## PROBLEM DETAILS
Leave out the images and return all the data word for word.

Top of DATA FOR REVIEW

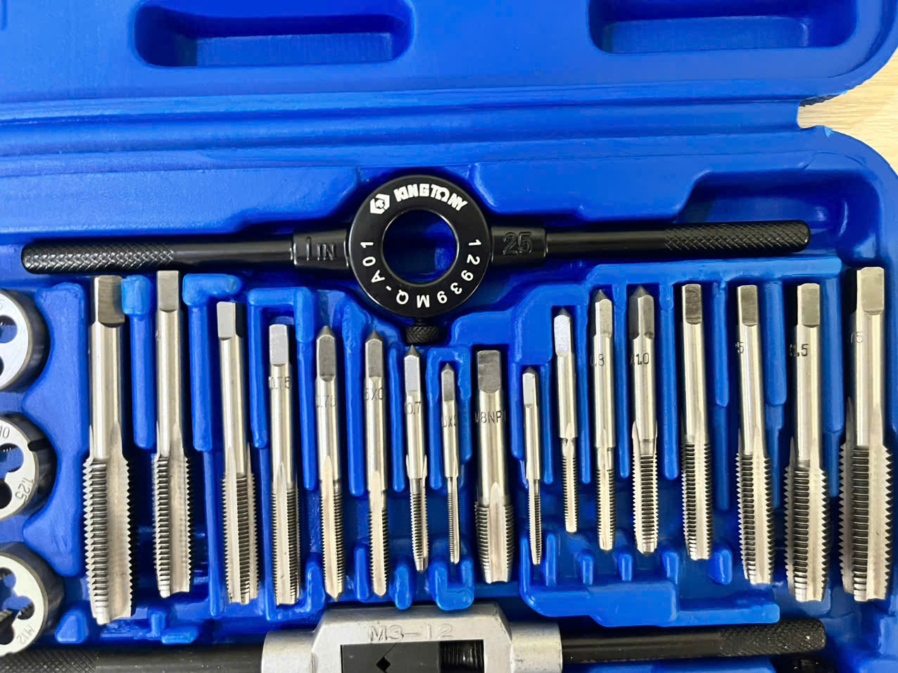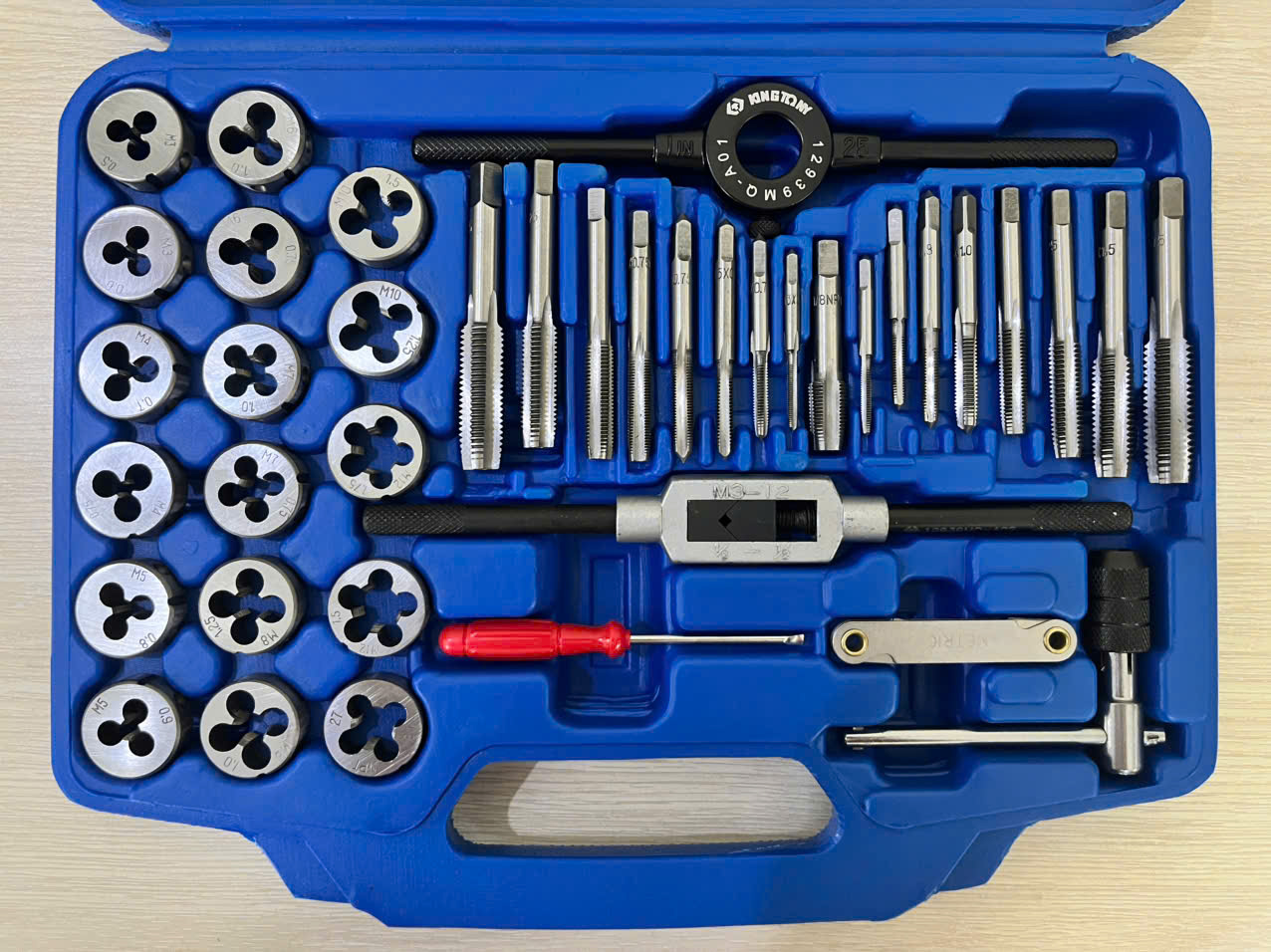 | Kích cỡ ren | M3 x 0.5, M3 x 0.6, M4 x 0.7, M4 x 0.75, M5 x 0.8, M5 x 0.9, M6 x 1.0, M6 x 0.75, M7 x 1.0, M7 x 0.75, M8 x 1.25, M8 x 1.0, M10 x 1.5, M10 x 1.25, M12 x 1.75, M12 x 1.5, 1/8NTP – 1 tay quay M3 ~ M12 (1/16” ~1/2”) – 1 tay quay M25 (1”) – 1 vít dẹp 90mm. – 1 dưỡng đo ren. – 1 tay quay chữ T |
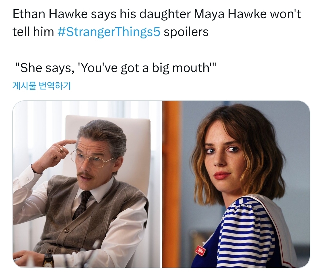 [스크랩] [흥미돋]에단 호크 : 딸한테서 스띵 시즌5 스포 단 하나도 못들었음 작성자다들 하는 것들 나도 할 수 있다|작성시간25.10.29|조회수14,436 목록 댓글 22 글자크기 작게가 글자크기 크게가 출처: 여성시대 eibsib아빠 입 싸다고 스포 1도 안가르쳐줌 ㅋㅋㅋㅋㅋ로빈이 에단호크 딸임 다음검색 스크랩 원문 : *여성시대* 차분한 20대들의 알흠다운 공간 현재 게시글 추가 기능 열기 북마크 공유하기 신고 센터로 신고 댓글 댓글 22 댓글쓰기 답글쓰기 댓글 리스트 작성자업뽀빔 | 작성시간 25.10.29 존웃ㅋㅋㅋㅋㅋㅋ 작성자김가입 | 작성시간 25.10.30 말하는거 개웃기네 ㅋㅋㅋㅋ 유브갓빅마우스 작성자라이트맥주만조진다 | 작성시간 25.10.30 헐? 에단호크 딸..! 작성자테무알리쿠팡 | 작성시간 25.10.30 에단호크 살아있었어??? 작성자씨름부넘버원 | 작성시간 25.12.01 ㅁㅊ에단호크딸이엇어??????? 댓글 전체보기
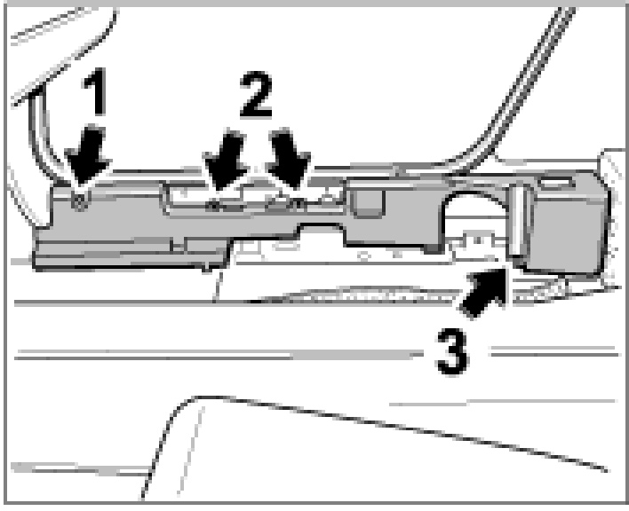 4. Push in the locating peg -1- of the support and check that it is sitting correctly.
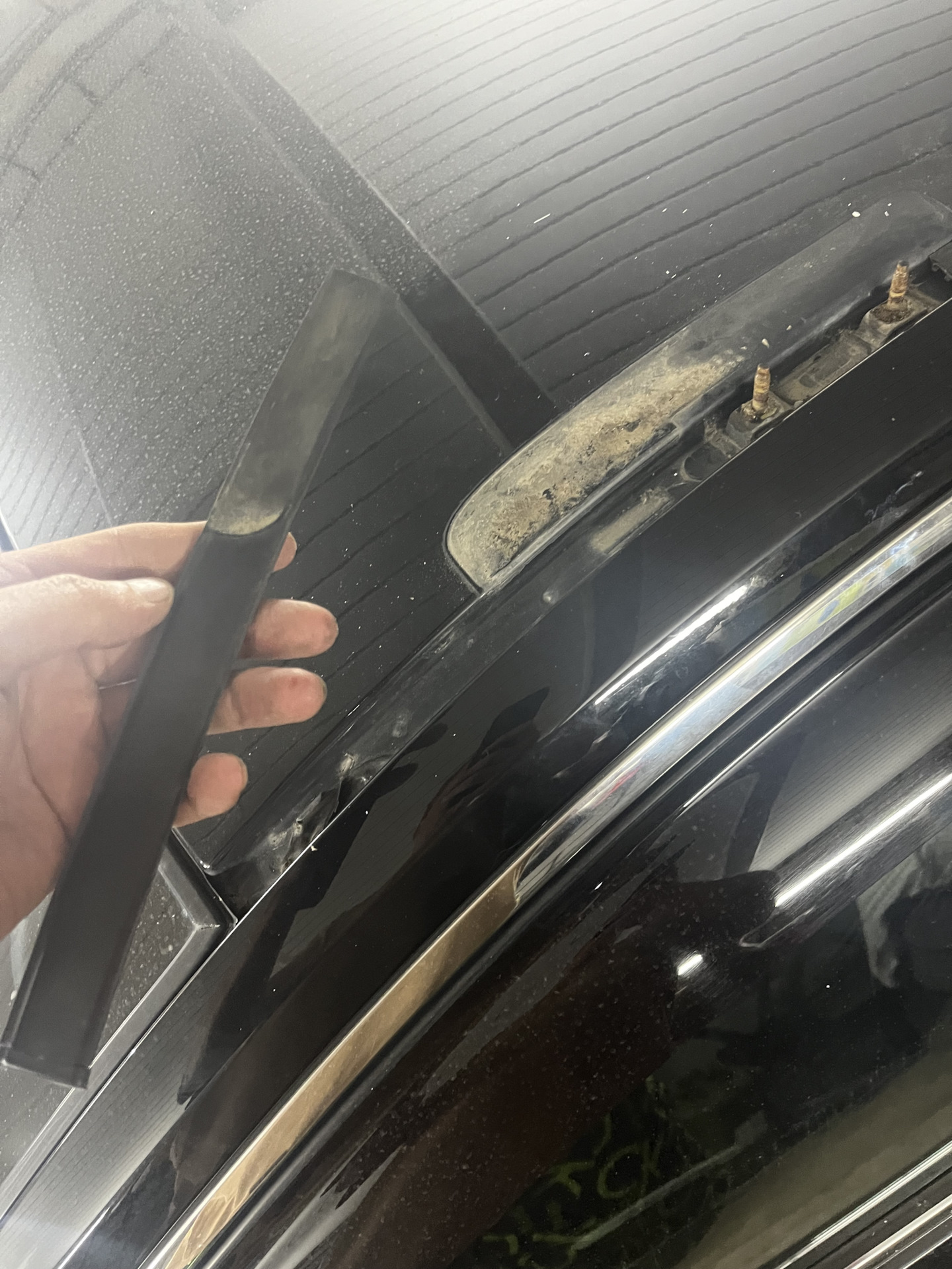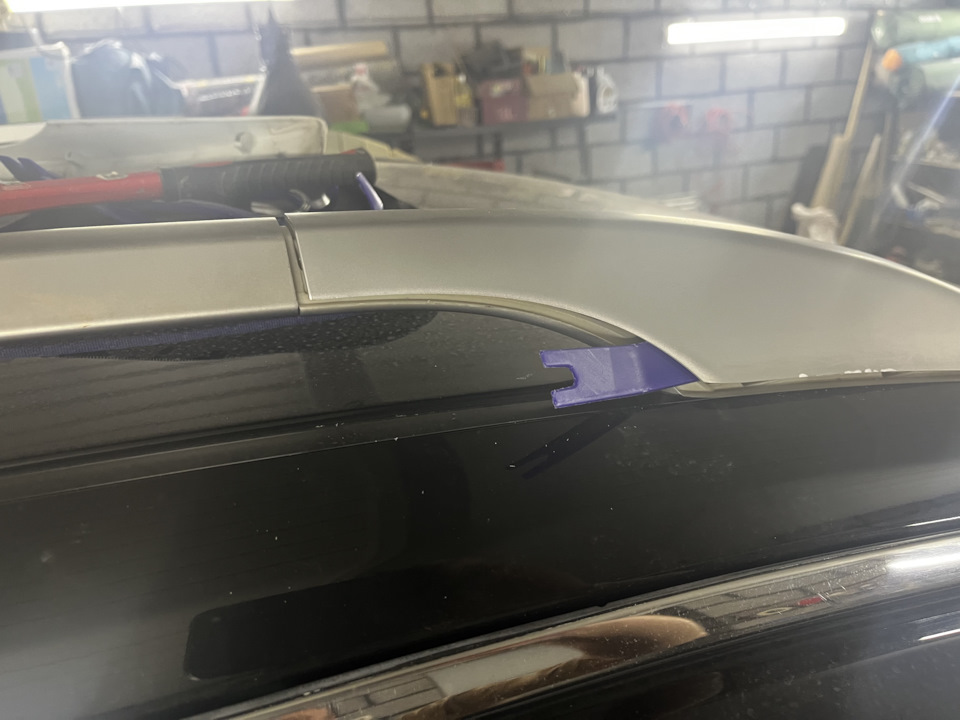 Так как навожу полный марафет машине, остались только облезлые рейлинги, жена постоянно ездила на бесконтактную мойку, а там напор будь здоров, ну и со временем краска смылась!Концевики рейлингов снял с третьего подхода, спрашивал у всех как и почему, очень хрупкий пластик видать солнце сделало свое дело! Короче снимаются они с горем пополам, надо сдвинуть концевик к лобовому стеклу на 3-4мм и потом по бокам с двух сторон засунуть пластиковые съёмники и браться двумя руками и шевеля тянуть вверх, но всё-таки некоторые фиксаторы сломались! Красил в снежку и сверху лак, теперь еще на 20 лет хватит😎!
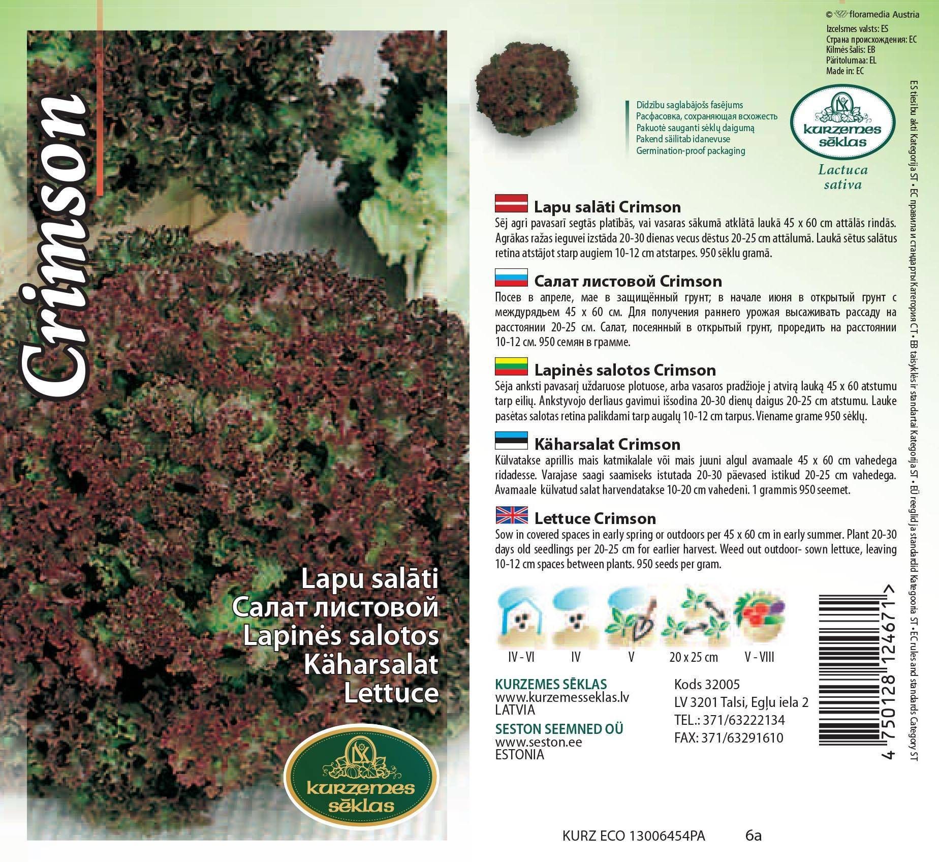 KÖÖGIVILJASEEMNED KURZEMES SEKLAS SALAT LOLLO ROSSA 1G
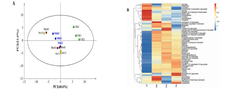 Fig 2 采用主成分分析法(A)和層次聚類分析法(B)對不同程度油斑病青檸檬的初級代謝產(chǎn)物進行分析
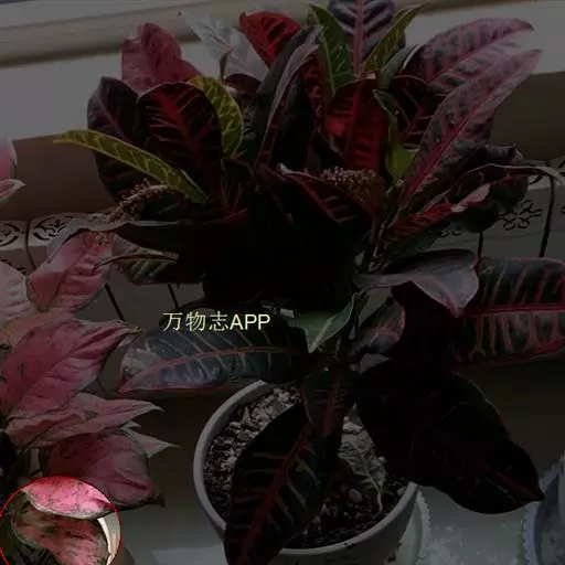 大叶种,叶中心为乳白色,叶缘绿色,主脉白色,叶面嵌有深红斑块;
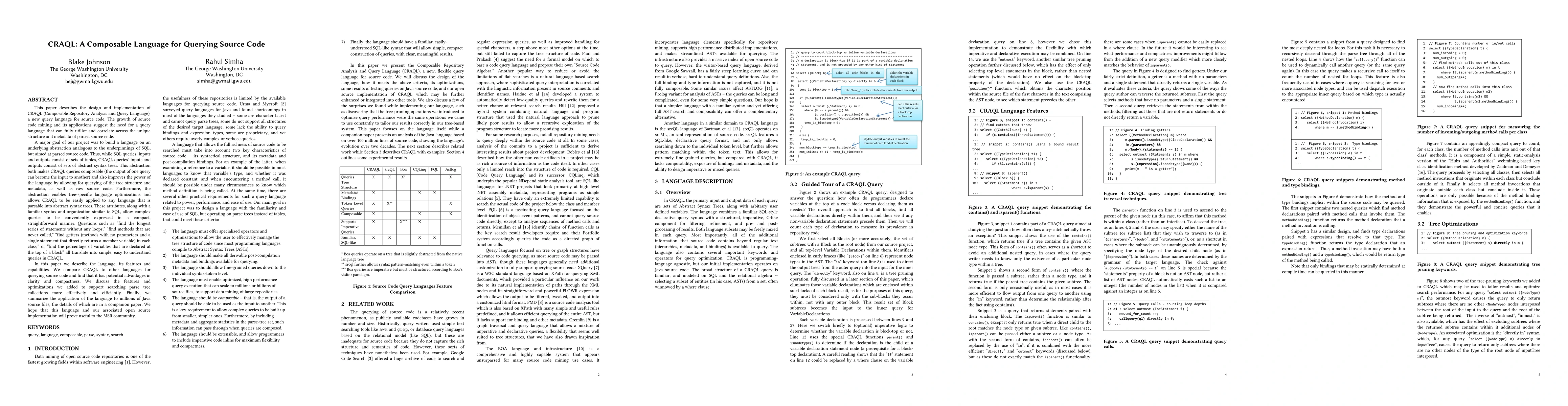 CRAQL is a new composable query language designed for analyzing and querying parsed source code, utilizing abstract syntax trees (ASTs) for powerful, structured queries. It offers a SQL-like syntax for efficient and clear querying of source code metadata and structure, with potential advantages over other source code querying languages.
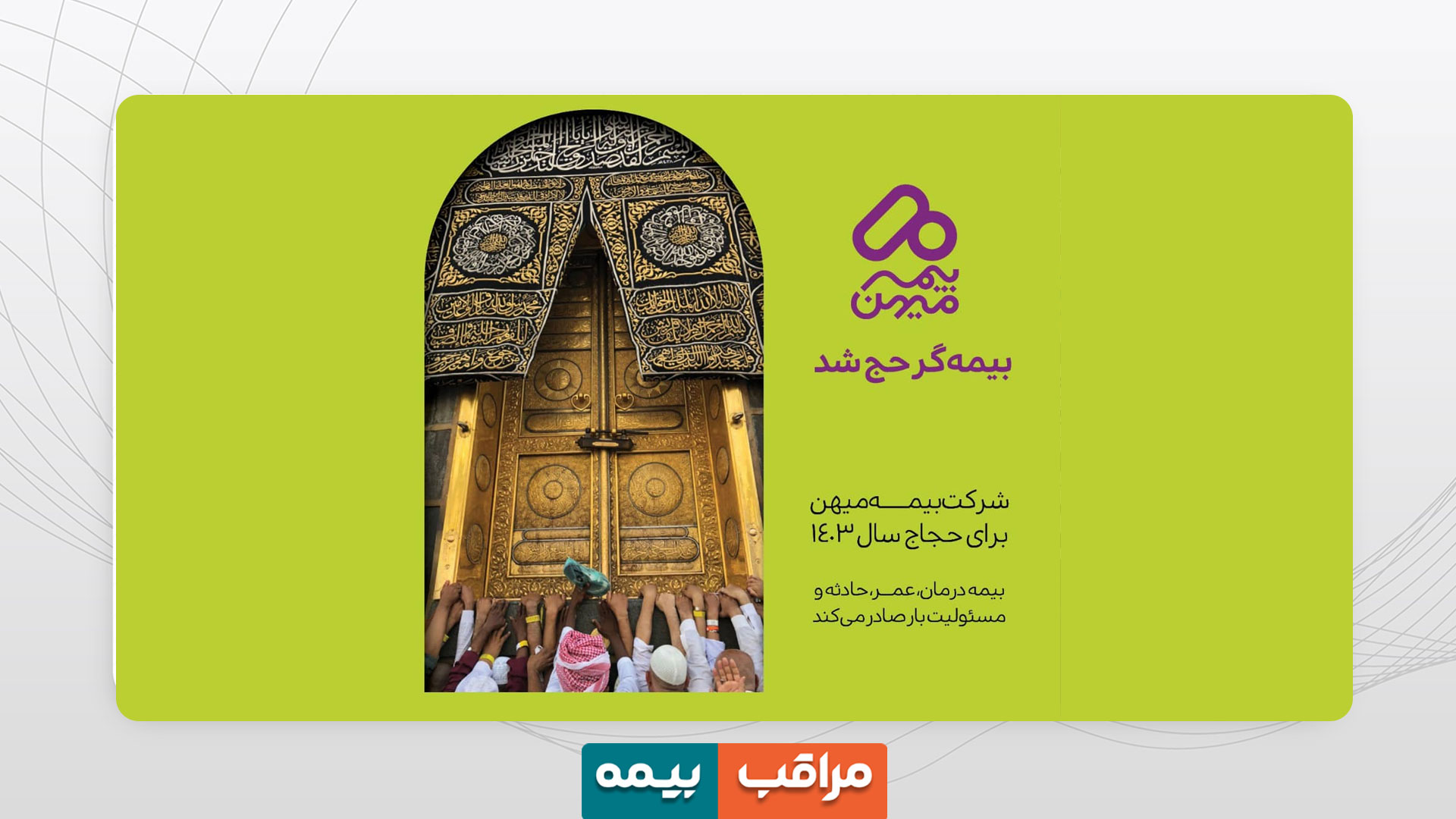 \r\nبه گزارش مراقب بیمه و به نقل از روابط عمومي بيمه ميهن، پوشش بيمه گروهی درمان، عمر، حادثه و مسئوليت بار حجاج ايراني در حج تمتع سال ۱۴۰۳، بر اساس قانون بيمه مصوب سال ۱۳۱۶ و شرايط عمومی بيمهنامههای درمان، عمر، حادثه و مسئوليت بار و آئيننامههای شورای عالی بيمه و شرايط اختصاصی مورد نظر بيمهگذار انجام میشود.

Bottom of DATA FOR REVIEW

## EXPECTED ANSWER
 | Kích cỡ ren | M3 x 0.5, M3 x 0.6, M4 x 0.7, M4 x 0.75, M5 x 0.8, M5 x 0.9, M6 x 1.0, M6 x 0.75, M7 x 1.0, M7 x 0.75, M8 x 1.25, M8 x 1.0, M10 x 1.5, M10 x 1.25, M12 x 1.75, M12 x 1.5, 1/8NTP – 1 tay quay M3 ~ M12 (1/16” ~1/2”) – 1 tay quay M25 (1”) – 1 vít dẹp 90mm. – 1 dưỡng đo ren. – 1 tay quay chữ T |
 [스크랩] [흥미돋]에단 호크 : 딸한테서 스띵 시즌5 스포 단 하나도 못들었음 작성자다들 하는 것들 나도 할 수 있다|작성시간25.10.29|조회수14,436 목록 댓글 22 글자크기 작게가 글자크기 크게가 출처: 여성시대 eibsib아빠 입 싸다고 스포 1도 안가르쳐줌 ㅋㅋㅋㅋㅋ로빈이 에단호크 딸임 다음검색 스크랩 원문 : *여성시대* 차분한 20대들의 알흠다운 공간 현재 게시글 추가 기능 열기 북마크 공유하기 신고 센터로 신고 댓글 댓글 22 댓글쓰기 답글쓰기 댓글 리스트 작성자업뽀빔 | 작성시간 25.10.29 존웃ㅋㅋㅋㅋㅋㅋ 작성자김가입 | 작성시간 25.10.30 말하는거 개웃기네 ㅋㅋㅋㅋ 유브갓빅마우스 작성자라이트맥주만조진다 | 작성시간 25.10.30 헐? 에단호크 딸..! 작성자테무알리쿠팡 | 작성시간 25.10.30 에단호크 살아있었어??? 작성자씨름부넘버원 | 작성시간 25.12.01 ㅁㅊ에단호크딸이엇어??????? 댓글 전체보기
 4. Push in the locating peg -1- of the support and check that it is sitting correctly.
 Так как навожу полный марафет машине, остались только облезлые рейлинги, жена постоянно ездила на бесконтактную мойку, а там напор будь здоров, ну и со временем краска смылась!Концевики рейлингов снял с третьего подхода, спрашивал у всех как и почему, очень хрупкий пластик видать солнце сделало свое дело! Короче снимаются они с горем пополам, надо сдвинуть концевик к лобовому стеклу на 3-4мм и потом по бокам с двух сторон засунуть пластиковые съёмники и браться двумя руками и шевеля тянуть вверх, но всё-таки некоторые фиксаторы сломались! Красил в снежку и сверху лак, теперь еще на 20 лет хватит😎!
 KÖÖGIVILJASEEMNED KURZEMES SEKLAS SALAT LOLLO ROSSA 1G
 Fig 2 采用主成分分析法(A)和層次聚類分析法(B)對不同程度油斑病青檸檬的初級代謝產(chǎn)物進行分析
 大叶种,叶中心为乳白色,叶缘绿色,主脉白色,叶面嵌有深红斑块;
 CRAQL is a new composable query language designed for analyzing and querying parsed source code, utilizing abstract syntax trees (ASTs) for powerful, structured queries. It offers a SQL-like syntax for efficient and clear querying of source code metadata and structure, with potential advantages over other source code querying languages.
 \r\nبه گزارش مراقب بیمه و به نقل از روابط عمومي بيمه ميهن، پوشش بيمه گروهی درمان، عمر، حادثه و مسئوليت بار حجاج ايراني در حج تمتع سال ۱۴۰۳، بر اساس قانون بيمه مصوب سال ۱۳۱۶ و شرايط عمومی بيمهنامههای درمان، عمر، حادثه و مسئوليت بار و آئيننامههای شورای عالی بيمه و شرايط اختصاصی مورد نظر بيمهگذار انجام میشود.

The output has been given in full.